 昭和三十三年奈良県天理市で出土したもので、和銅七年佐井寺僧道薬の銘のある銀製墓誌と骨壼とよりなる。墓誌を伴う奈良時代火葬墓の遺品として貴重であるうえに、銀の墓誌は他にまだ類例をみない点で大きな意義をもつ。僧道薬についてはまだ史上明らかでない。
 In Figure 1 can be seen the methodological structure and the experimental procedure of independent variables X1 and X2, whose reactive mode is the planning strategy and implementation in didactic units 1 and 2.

--

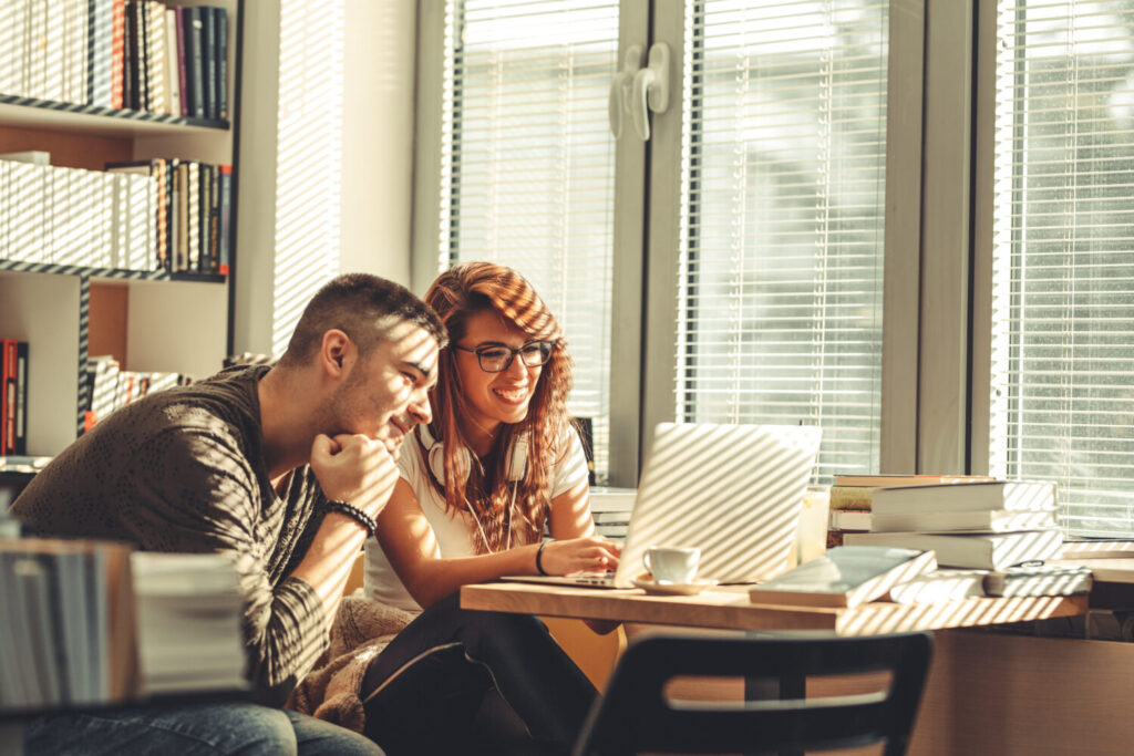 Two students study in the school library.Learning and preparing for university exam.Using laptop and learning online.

* Required action
Using the data above, reproduce exactly the lines from the line that contains "昭和三十三年奈良県天理市で出" through the line that contains "In Figure 1", including both.

* Response
 昭和三十三年奈良県天理市で出土したもので、和銅七年佐井寺僧道薬の銘のある銀製墓誌と骨壼とよりなる。墓誌を伴う奈良時代火葬墓の遺品として貴重であるうえに、銀の墓誌は他にまだ類例をみない点で大きな意義をもつ。僧道薬についてはまだ史上明らかでない。
 In Figure 1 can be seen the methodological structure and the experimental procedure of independent variables X1 and X2, whose reactive mode is the planning strategy and implementation in didactic units 1 and 2.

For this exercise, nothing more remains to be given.